ABSTRACT

First published Edinburgh Saturday Post, 1 September 1827, p. 134. Never reprinted. This is one of only two reviews about London to appear in the Saturday Post. In subject-matter and perspective, the review is thoroughly English. Even the excerpt from the book under review concerns London’s politics, newspapers, theatre and opera, all of which interested De Quincey, but were of less interest to the Scottish critics for the Post.
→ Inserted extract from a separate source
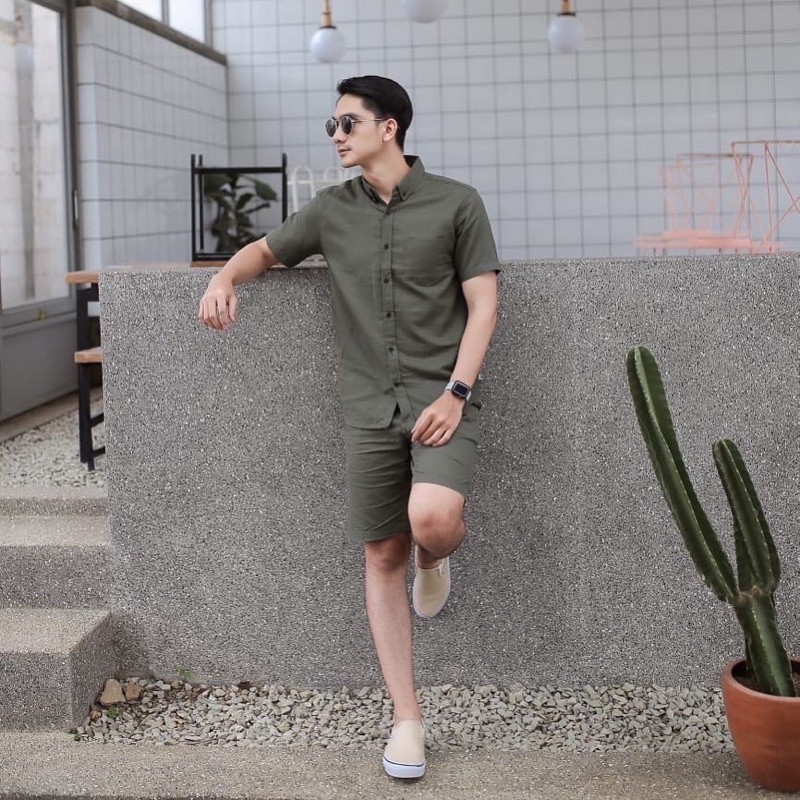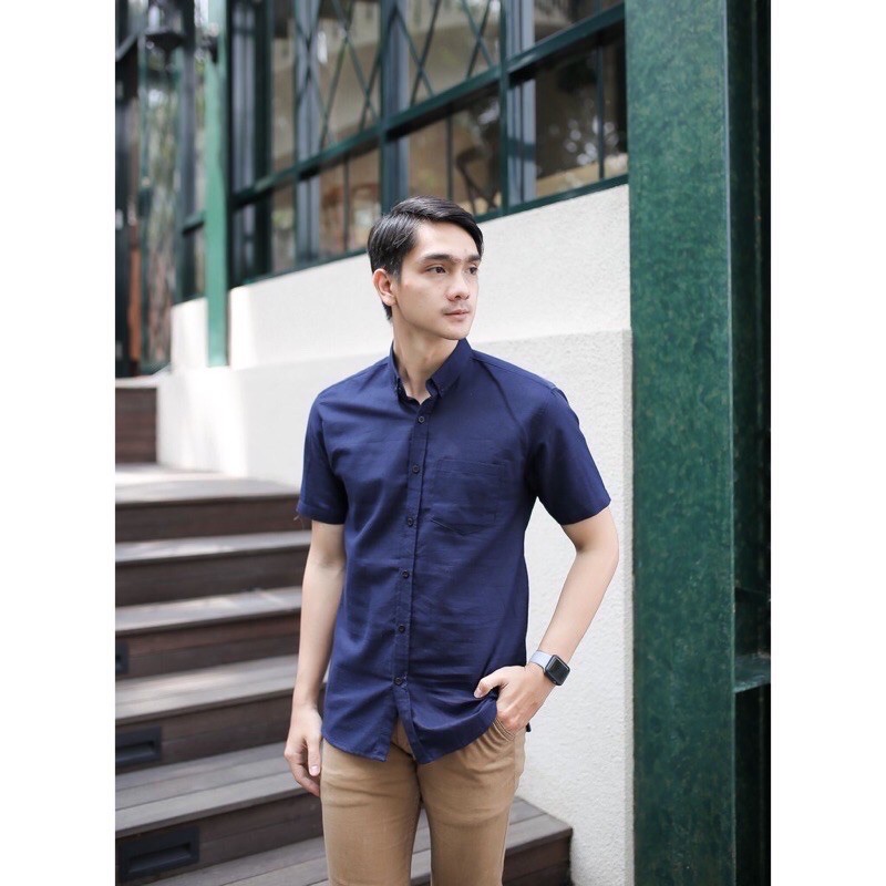 KEMEJA Men's Short Sleeve Mahogany Brown Shirt baju kemeja lelaki

The phrase ‘heap of resuscitated old rags’ finds many echoes in De Quincey’s later writings for the Post, where he writes of a ‘heap of stupidities’, ‘a bushel of … odious dramas’, ‘a boat-load of ignorance’, or ‘a century of dulness’ (see below, pp. 296, 57,114 and 149). In his review of Gillies’s German Stories, De Quincey has phrases like ‘mass of rubbish’ and ‘heaps of flesh’ (Vol. 6, pp. 7, 10). A similar phrase, ‘bundle of old rags’, occurs in the article on Phrenology in the Post (below, p. 324), while ‘heap of old lumber and rags’ is in De Quincey’s second essay ‘On Murder’ (Vol. 11). Many other ‘heaps’, and other dismissive phrases, might be cited. Other conversational turns, like ‘many a better book’, and ‘dip into … at random’, establish a relaxed, confident, colloquial tone that is common in De Quincey’s reviews. The dash in the first sentence, and ‘&c. &c.’, seem equally unlike the formality of most of the Post critics. De Quincey appears to have been the only writer for the Post to use sentence-fragments, like the one here on ‘The taverns, theatres, operas, ‘&c. &c’.